(WHAT YOU ARE ASKED TO DO): Leave every picture out, then reproduce the rest of the listing exactly.

··· RECORDED INFORMATION

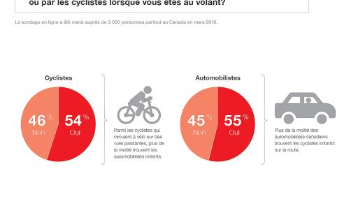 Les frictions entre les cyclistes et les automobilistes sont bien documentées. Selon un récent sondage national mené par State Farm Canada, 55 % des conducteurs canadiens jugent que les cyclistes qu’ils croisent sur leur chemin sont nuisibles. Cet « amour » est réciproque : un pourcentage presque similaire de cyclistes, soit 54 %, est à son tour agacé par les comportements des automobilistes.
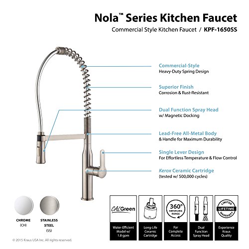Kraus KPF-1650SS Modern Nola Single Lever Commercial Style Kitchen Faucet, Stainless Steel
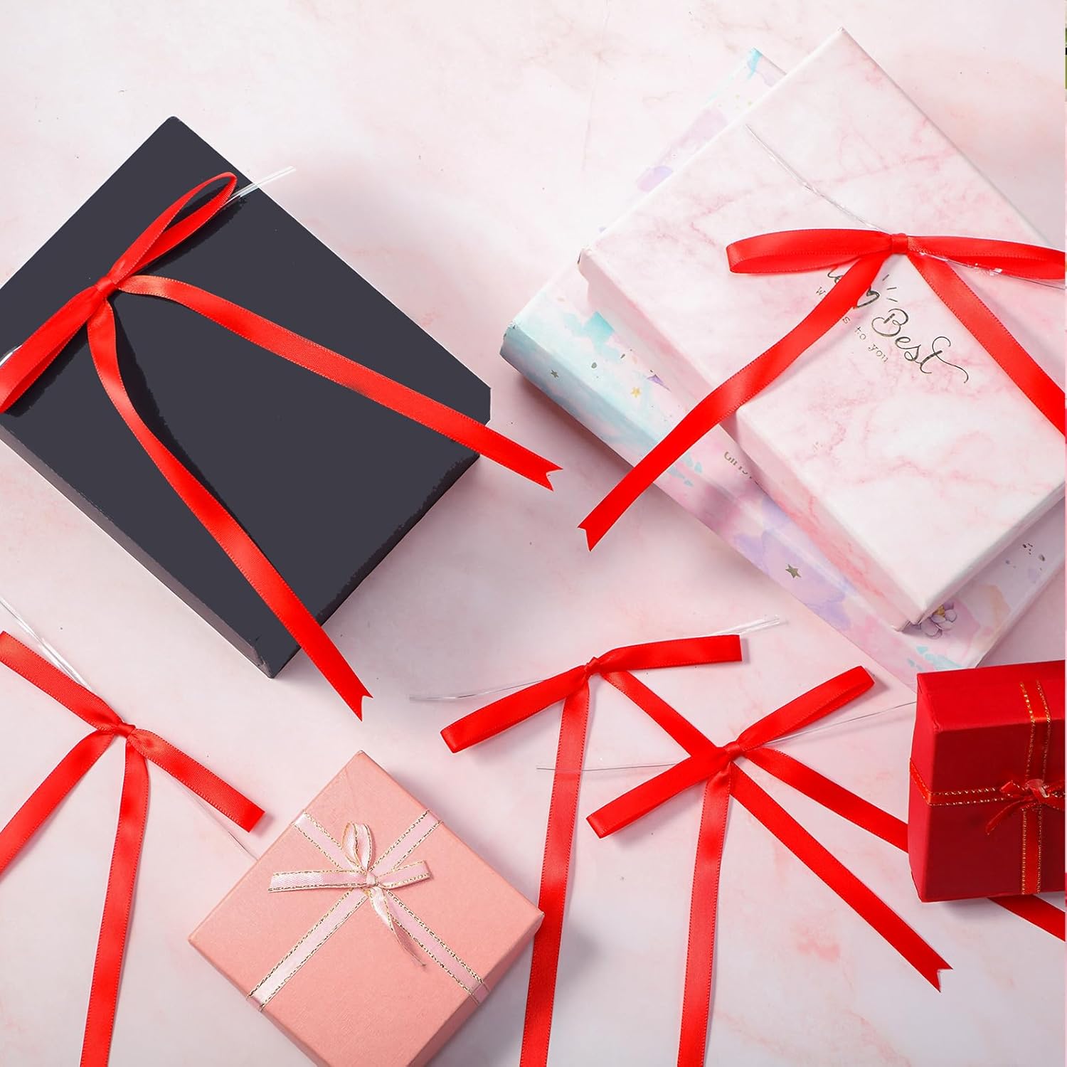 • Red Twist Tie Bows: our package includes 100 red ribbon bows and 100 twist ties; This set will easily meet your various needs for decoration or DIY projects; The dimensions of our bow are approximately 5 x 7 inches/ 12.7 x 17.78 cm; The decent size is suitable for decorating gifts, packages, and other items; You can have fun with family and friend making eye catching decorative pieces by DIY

······

(REPLY TO THE EXERCISE):
 Les frictions entre les cyclistes et les automobilistes sont bien documentées. Selon un récent sondage national mené par State Farm Canada, 55 % des conducteurs canadiens jugent que les cyclistes qu’ils croisent sur leur chemin sont nuisibles. Cet « amour » est réciproque : un pourcentage presque similaire de cyclistes, soit 54 %, est à son tour agacé par les comportements des automobilistes.
Kraus KPF-1650SS Modern Nola Single Lever Commercial Style Kitchen Faucet, Stainless Steel
 • Red Twist Tie Bows: our package includes 100 red ribbon bows and 100 twist ties; This set will easily meet your various needs for decoration or DIY projects; The dimensions of our bow are approximately 5 x 7 inches/ 12.7 x 17.78 cm; The decent size is suitable for decorating gifts, packages, and other items; You can have fun with family and friend making eye catching decorative pieces by DIY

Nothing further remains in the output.